Лифта ты боишься панически. Вцепилась в меня и вжалась в угол, точно ждешь, что лопнет трос. А на ступеньках в подъезде успокоилась: все четыре одолела сама, с палочкой. На улице останавливаешься через каждые десять-двенадцать метров. Похоже, только глаза не отказывают тебе. Первая остановка – у третьей витрины тут же, на Гренель: смотришь на брошюры об австралийских авиалиниях и сине-зеленых пакистанских мечетях. "Пакистан, спросила ты, – находится в России?" Объясняю, но ты уже устала и обрываешь: дескать, слишком много на земле правительств и городов, и новых, и старых, восставших из пепла.
Вздохнула разок, потом спохватилась, ищешь мой взгляд, хочешь продемонстрировать, что старость не радость. Твоя левая нога почти не слушается, но ты упорно дергаешь бедром, встряхиваешь ее. На миг застыла у антикварной лавки, загляделась на пять-шесть золоченых ангелочков, задумалась. "Боже ж мой, – говоришь, – и что только в наши дни не покупают!
Не разбираются нынче люди в вещах, эксперты все – воры, а покупатели и такому барахлу рады-радехоньки, потому что бесятся с жиру". Прошли еще немного. На углу авеню Де-ля-Бурдонне ты приникла к стеклянной двери: увидала ровные рядки почтовых марок. Я объясняю, что эти марки французские, но не Франции, а бывших французских колоний, ныне независимых стран. Злобно отвечаешь, что я строю из себя всезнайку, а сам, по всему видно, круглый невежда. Сделали еще пять шагов, и ты сменила гнев на милость: сыночка дорогой, ты столько всего знаешь и никогда ни в чем не ошибаешься. Подошли к светофору.
Ноги у тебя подкосились. Поддерживаю тебя обеими руками. На той стороне – скамейка. Ты показываешь на нее слабым кивком, хочешь сесть.
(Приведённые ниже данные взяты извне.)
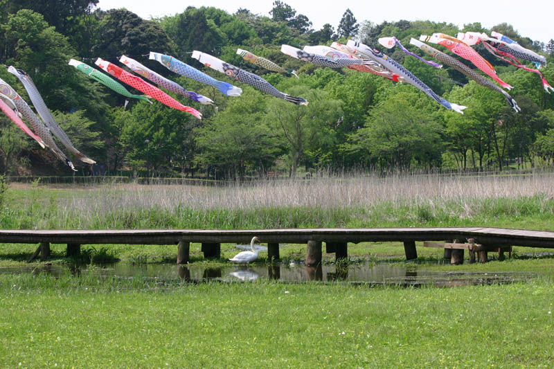 公園にはたくさんの鯉のぼりが元気に泳いでました。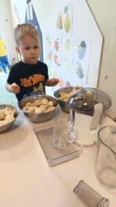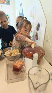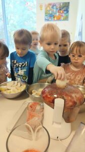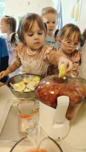 ich wygląd, smak i to, co kryje się w środku. Rozmawialiśmy o tym, dlaczego warto je jeść i jak pomagają nam być zdrowymi. Były zabawy ruchowe, twórcze zajęcia plastyczne, a wśród nich nasze „ziemniaki-cudaki” 🥔🎨 – wesołe i pełne fantazji! Na zakończenie tygodnia przygotowaliśmy wspólnie pyszny sok owocowo-warzywny! Było smacznie, zdrowo i bardzo kolorowo! 🍎

Умрешь, а дойдешь.
Действительно, дошла, села, немного успокоилась и заявила, что в Нью-Йорке поздняя осень мягче, деревья еще не облетели, и листья желтые, но очень красивые. Ты-то, мол, в гробу, такой красивой не будешь. Я развлекаю тебя байками. Говорю: помнишь, был такой Саша Гитри? Тут его дом неподалеку. Двадцать лет, как умер, а его пьесы и фильмы вдруг полюбили. Когда его очередная жена ушла к Пьеру Френе, он сказал приятелю: "Теперь Френе увидит, как мало мне нужно". Ты засмеялась. Сначала неохотно, но потом захохотала. Да, говоришь, французы народ хоть и противный, но самый остроумный на свете. Я украдкой смотрю на часы. Пытка подходит к концу, пора возвращаться.
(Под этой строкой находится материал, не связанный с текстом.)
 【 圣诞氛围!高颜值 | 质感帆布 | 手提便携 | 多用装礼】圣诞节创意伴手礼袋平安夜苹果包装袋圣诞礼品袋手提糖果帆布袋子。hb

Но ты так не думаешь. Достаешь из сумочки два очищенных апельсина: сыночка, хочешь? Я говорю: перчатки не снимай и не расстегивай пальто. Ты восклицаешь: значит, все-таки любишь хоть немножко старуху мать, а ты уж думала было... ну, вот, теперь не будешь так думать, а я сам должен смотреть, чтоб не простудиться, и под машину не попасть, и вообще, мало ли что. Молчим, жуем апельсины, держа их в платке, чтобы не закапать пальто. Ты простонала: вечно эти марки! Куда ни пойдешь, они тут как тут, как нарочно. Зрачки расширены, ты в ужасе, по лицу пробегает судорога, точно вот-вот потеряешь сознание. Поднимаю тебе воротник, а ты, рванув, опускаешь его: тебе жарко, ты хочешь домой немедленно. Беру тебя за руку, но ты вырываешься. Нет, сейчас ты пойдешь вон в тот магазин и спросишь, не заходил ли сегодня к ним твой муж купить марок. Отвечаю предельно осторожно, что не заходил и не зайдет уже никогда. Хихикнула: ну, разумеется, ведь твой муж теперь – я. И вдруг согнулась. Не подхвати я тебя, упала бы. Снова выпрямилась, лицо вдруг стало спокойное, рассыпаешься в извинениях: теперь ты все и всех путаешь, неладно что-то с памятью. А я думаю, что ты молодец: прогулка утомительна, но ты не сдаешься, без нее ты была бы живым трупом, без пяти минут просто трупом. А возвращаться, говоришь, нам еще рано, пойдем дойдем до авеню Боске. По дороге ты сообщаешь, что ученик парикмахера вон из той парикмахерской каждый день в полпятого встречается с продавщицей вон из той бакалеи, кажется португалкой, и они вместе идут на рю Де-л'Экспозисьон, на часок-другой в номера, где никто ни на кого не смотрит. Ах, что за дивные фрукты: яблочки красные, бананчики желтые, апельсинчики оранжевые, все-таки, что ни говори, Франция портится, портится, а до конца никогда не испортится! Ты развеселилась, хотя время от времени останавливаешься и прижимаешь палку набалдашником к сердцу. Ох, как бьется, колотится, стучит, как молоток, ждешь, ждешь, пока успокоится.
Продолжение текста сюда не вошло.